Sometimes, parenting seems like fighting an uphill battle.
No matter what we do, our children – toddlers to adolescents – never seem to stop challenging our authority and requiring ever-increasing amounts of debate and attention. Tell a two-year-old she can’t have a cookie and you’re just as likely to induce a tantrum of epic proportions as you would be telling a teen you’re taking away his smartphone until his grades improve.
Being the enforcers of what our children need is often in direct conflict with what they want and at times it may seem as though it would be easier to just give in and let them have their way without causing more conflict.
So how does a parent go about balancing the need for structure and rules with the desire to let their children learn from experiences, both positive and negative?
It’s a delicate balancing act, for sure. One way to go about achieving such a balance is by employing what is known as positive discipline.
Positive discipline is a practice in which parents focus on the positive points of behavior instead of the negatives.
The positive discipline approach is based on the idea that there are no bad children, just “good” and “bad” behaviors that can be managed by strategies that allow for learning instead of punishment.
Does Research Back Up Positive Discipline?
Indeed, a 2011 study on parenting styles and discipline found that parents who manage their childrens behaviors based on acceptance and less on control have better relationships with and develop higher self-esteem in their children.
The American Academy of Pediatrics identified certain positive behaviors between parents and children that are effective in reducing parent/child conflict.
- Using a positive tone when redirecting or disciplining children
- Providing regular times/patterns for daily activities
- Demonstrating respect between parents and children
- Active listening and negotiating in order to reduce episodes where children refuse to cooperate with requests.
- Empathizing with your child about the situation before jumping to conclusions about their behavior
- Keeping their developmental age in mind when enforcing rules and boundaries
The Academy also suggests involving children in decision making with regard to consequences for positive and negative behaviors. For example, asking your child if they would rather have their phone taken away for a week, or requiring them to stay home from a fun event gives them a sense of control of the situation.

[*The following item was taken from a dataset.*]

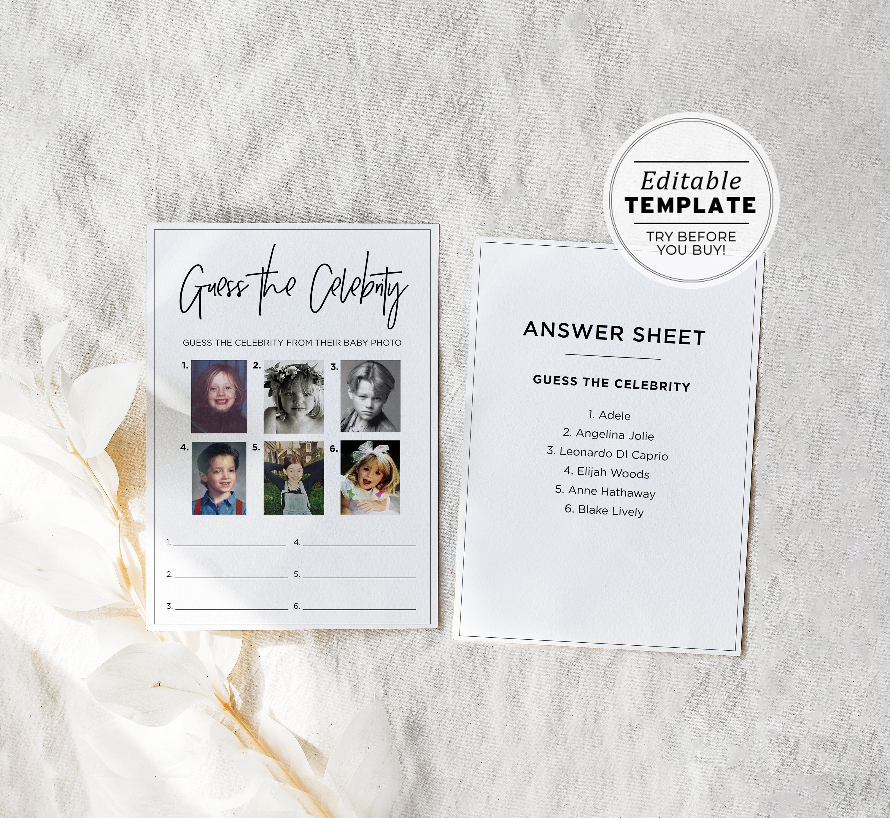 A popular and fun 'Guess the Celebrity' game. Edit it with your words to make them your own!

Does Corporal Punishment Work?
What about spanking or other forms of physical punishment? Most parents, including those who spank, love their children and are doing what they feel best (and what they themselves may have experienced) to gain compliance from children.
While physical punishment may stop the bad behavior from happening in the moment, it’s merely because a child is afraid – rather than truly changing the way they act. Studies have shown spanking might work short term but is not effective long term and can actually make children more aggressive.

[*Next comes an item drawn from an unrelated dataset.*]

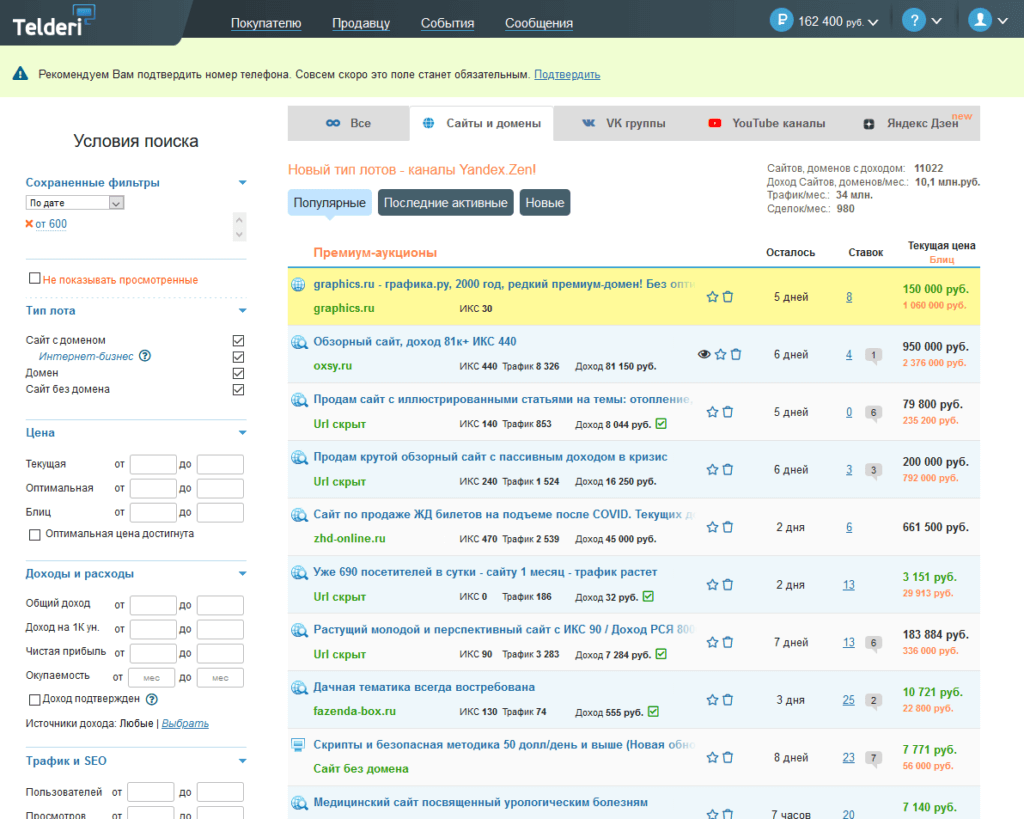 В рунете 99% всех сделок по покупке информационных сайтов проходят на бирже telderi.

Physical punishment is exactly what positive discipline attempts to avoid: children can learn from their experiences, face the consequences of negative behaviors, and grow as individuals when discipline avoids pain and violence.
Practical Tips For Disciplining Children Effectively:
Below are some ideas of options parents can try when seeking to avoid negative consequences for behavior and institute a positive discipline culture in their family. Rest assured that, while not all of these options will work for you, some certainly will and they will help decrease your stress levels, increase your satisfaction as a parent, and improve the relationships you are building with your children.
1. Reward the behaviors you seek to see in your children. Pay attention to the things they do “right” and provide rewards in the form of praise or hugs. Walk away from the behaviors you don’t want to see, and soon your child will realize that doing the right thing feels good.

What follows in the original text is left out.